_WHAT YOU NEED TO DO_
Everything from the first line of the data below through the line that contains "SW 1st Avenue." should be written out exactly, please, and nothing more; the pictures stay out.

_GIVEN DATA_

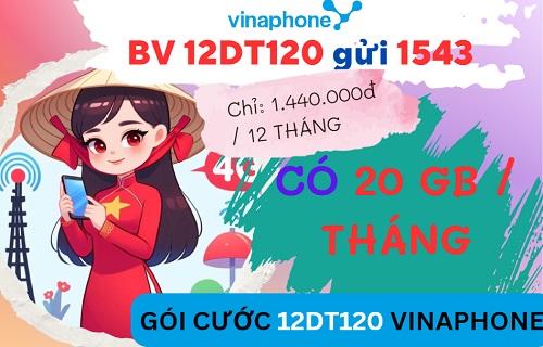 Gói cước 12DT120 Vinaphone được thiết kế cho tất cả khách hàng đang sử dụng dịch vụ di động trên cả nước. Kích hoạt gói ưu đãi này thành công, quý khách sẽ nhận được 20GB data cho mỗi chu kỳ 30 ngày. Đây là gói data dài kỳ đem lại cho người dùng liên tiếp 12 tháng thoải mái online trên di dộng. Để nắm chi tiết về tiết về gói dịch vụ này, mời các bạn cùng theo dõi nội dung bài viết dưới đây nhé!
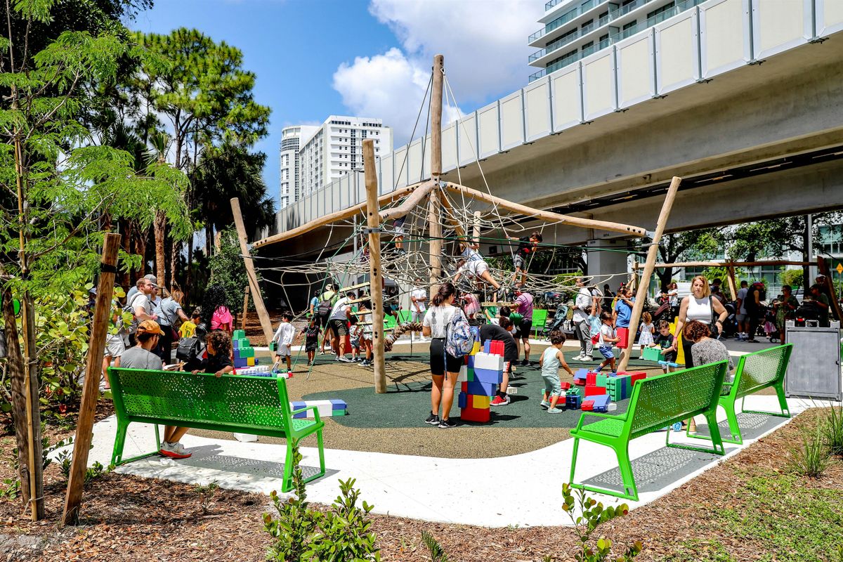 • 🚆 Take the Metrorail to the Brickell Metrorail Station, exit south, and walk toward The Hammock Playground on SW 15th Road and SW 1st Avenue.
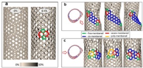 Ученые лаборатории «Неорганические наноматериалы» провели моделирование эксперимента на атомном уровне. Сначала нанотрубки удлинялись до образования первого структурного дефекта, состоящего из двух пятиугольников и двух семиугольников (дефект Стоуна-Уэйлса, см. рис.2а), который, при продолжительном удлинении трубки начинал «расползаться» в стороны, перестраивая другие углеродные связи (рис.2b). Именно на этом этапе происходило изменение структуры нанотрубок. При дальнейшем удлинении начинали формироваться все новые и новые дефекты Стоуна-Уэйлса, приводя в конечном итоге, к изменению проводимости нанотрубок (рис.2).
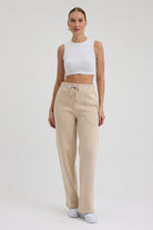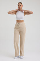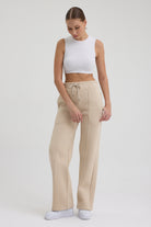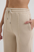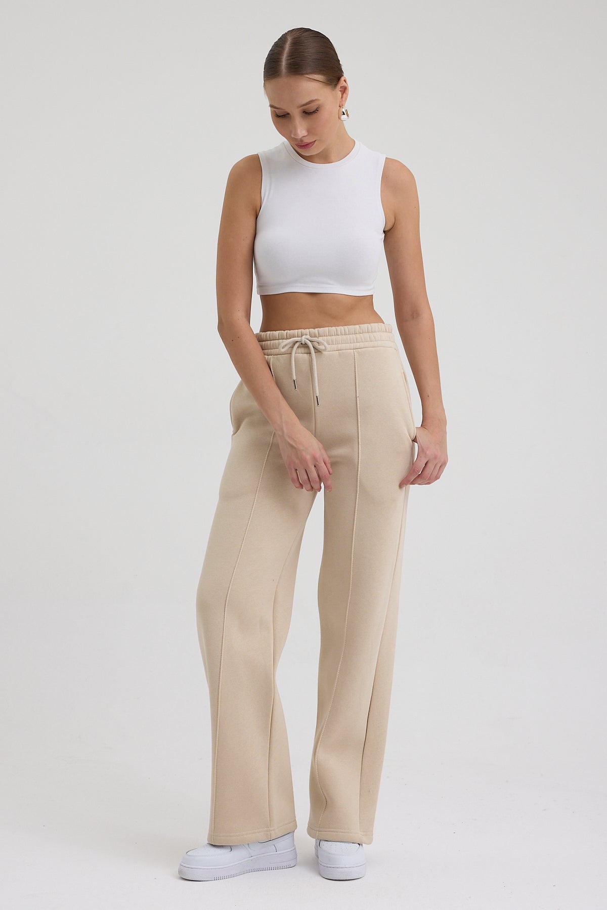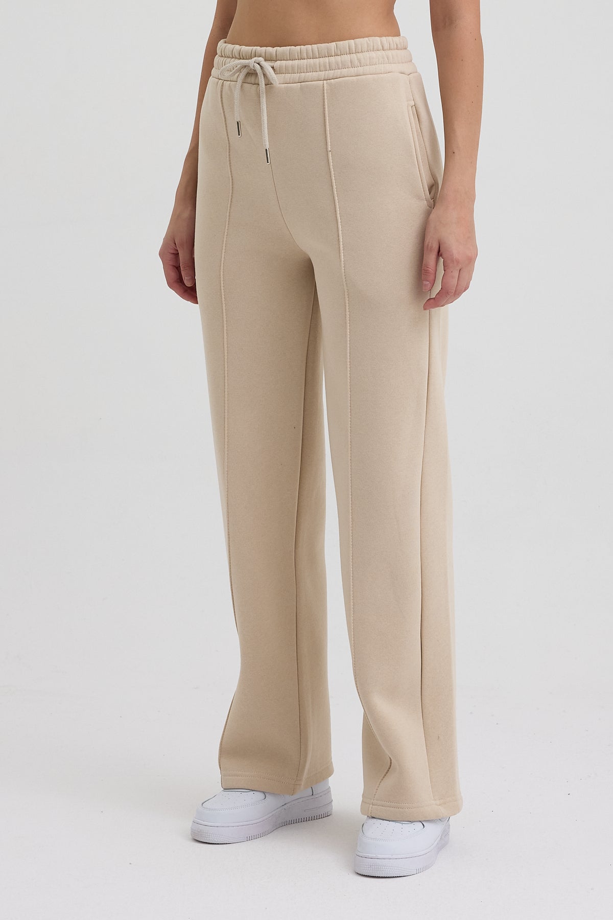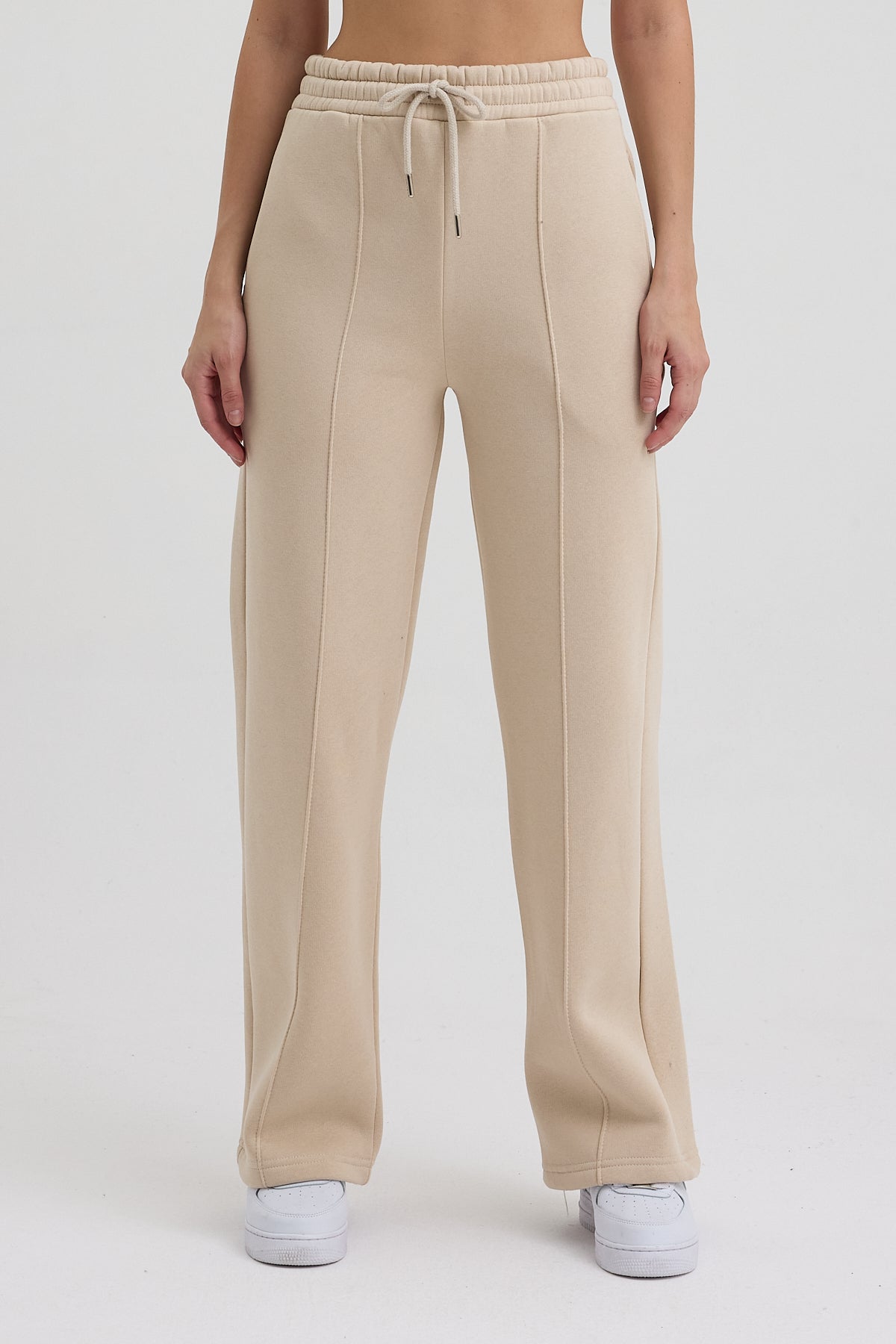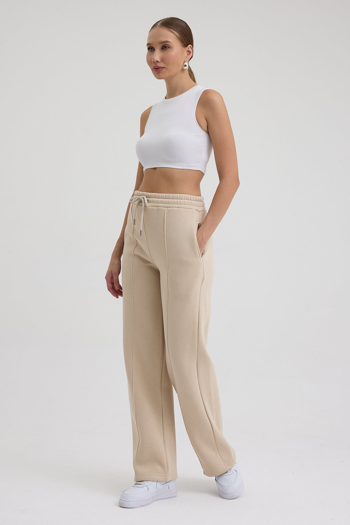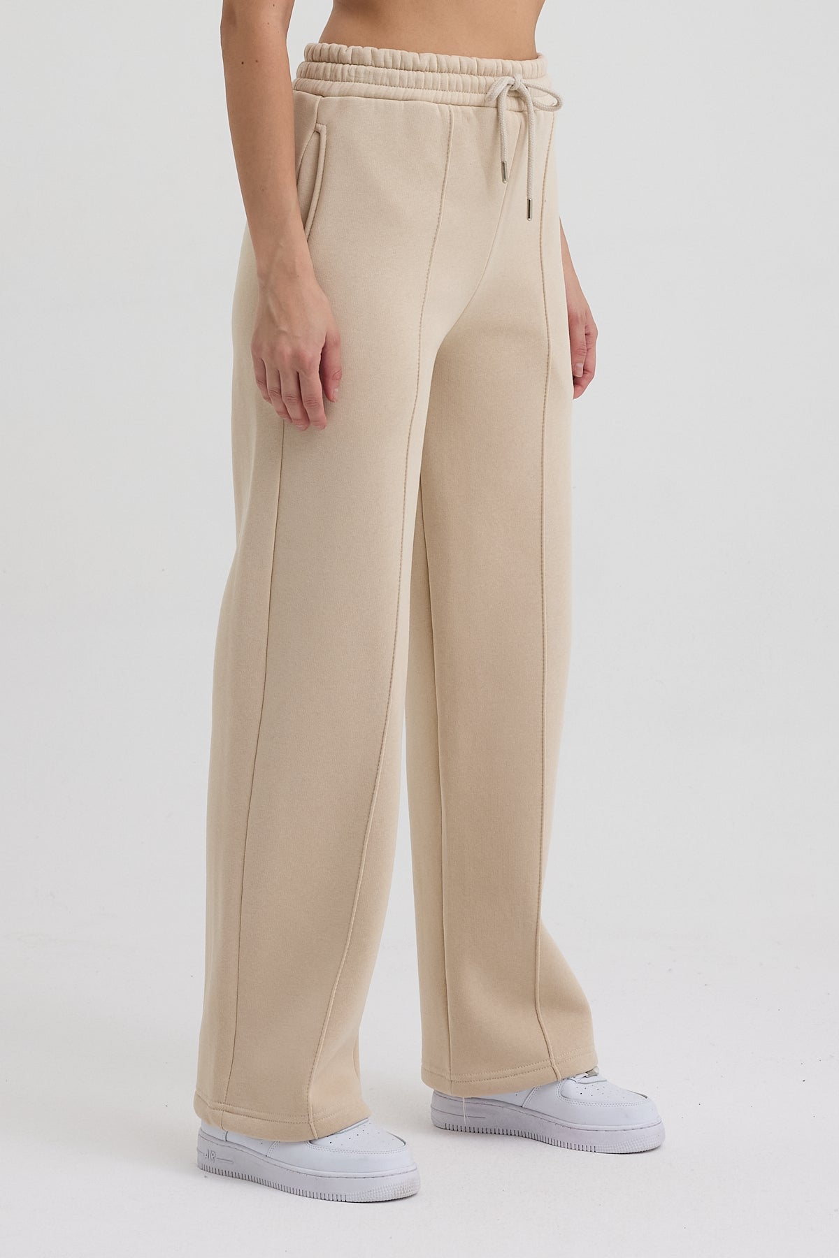 Kadın Yüksek Bel Nervürlü Kışlık Polarlı Paça Dikişli Bol Paça Eşofman Altı Bej

_TASK ANSWER_
 Gói cước 12DT120 Vinaphone được thiết kế cho tất cả khách hàng đang sử dụng dịch vụ di động trên cả nước. Kích hoạt gói ưu đãi này thành công, quý khách sẽ nhận được 20GB data cho mỗi chu kỳ 30 ngày. Đây là gói data dài kỳ đem lại cho người dùng liên tiếp 12 tháng thoải mái online trên di dộng. Để nắm chi tiết về tiết về gói dịch vụ này, mời các bạn cùng theo dõi nội dung bài viết dưới đây nhé!
 • 🚆 Take the Metrorail to the Brickell Metrorail Station, exit south, and walk toward The Hammock Playground on SW 15th Road and SW 1st Avenue.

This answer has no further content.